= Tadoma =

Deafblind communication

Anne Sullivan demonstrating the use of the method with Helen Keller, 1929

Tadoma is a method of communication utilized by deafblind individuals, in which the listener places their little finger on the speaker's lips and their fingers along the jawline. The middle three fingers often fall along the speaker's cheeks with the little finger picking up the vibrations of the speaker's throat. It is sometimes referred to as tactile lipreading, as the listener feels the movement of the lips, the vibrations of the vocal cords, expansion of the cheeks and the warm air produced by nasal phonemes such as 'N' and 'M'. Hand positioning can vary, and it is a sometimes also used by hard-of-hearing people to supplement their remaining hearing.

In some cases, especially if the speaker knows sign language, the deafblind listener may use the Tadoma method with one hand on the speaker's face, and their other hand on the speaker’s signing hand to hear the words. In this way, the two methods reinforce each other, increasing the chances of the listener understanding the speaker.

The Tadoma method can also help a deafblind person retain speech skills they may have had otherwise. This can, in special cases, allow deafblind people to acquire entirely new words.

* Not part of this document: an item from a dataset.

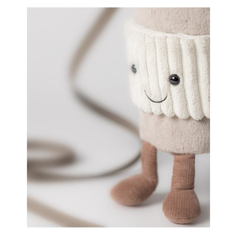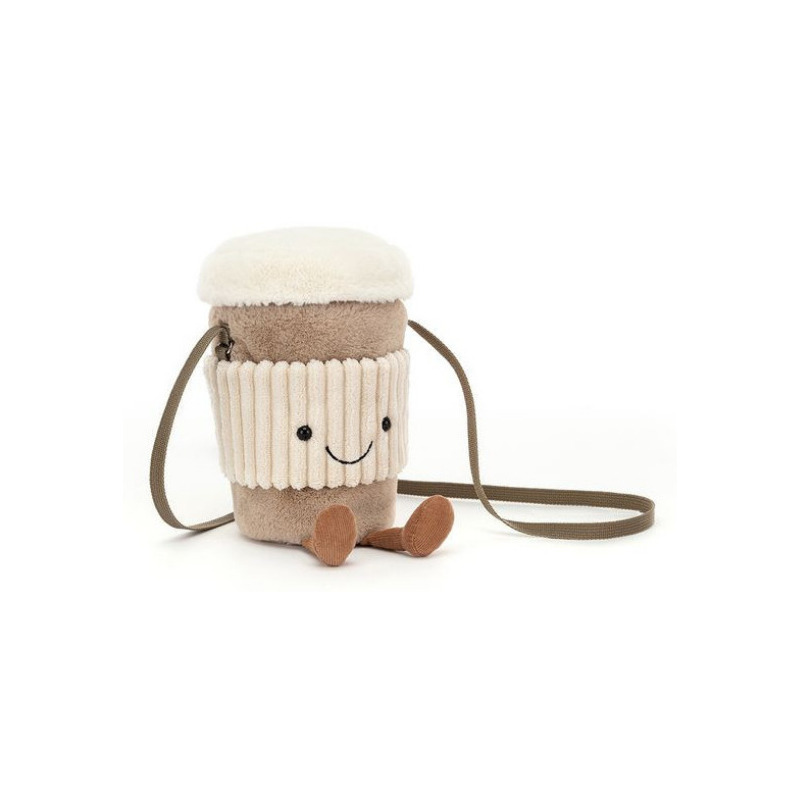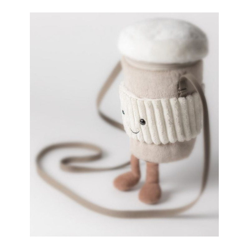 Torebka na ramię Zabawny Kubeczek Kawy Na Wynos marki Jellycat w kolorze beżowo-kremowym z paskiem i suwakiem. Gotowa pomieścić cenne drobiazgi! To wspaniały dodatek, który skutecznie ożywi nie tylko dziecięcą stylizację.

It is a difficult method to learn and use, and is rarely used nowadays. However, a small number of deafblind people still use the Tadoma method in everyday communication.

== History ==
The Tadoma method was invented by American teacher Sophie Alcorn and developed at the Perkins School for the Blind in Massachusetts. It is named after the first two children to whom it was taught: Winthrop "Tad" Chapman and Oma Simpson. It was hoped that the students would learn to speak by trying to reproduce what they felt on the speaker's face and throat while touching their own face.

Helen Keller was a famous user of the method.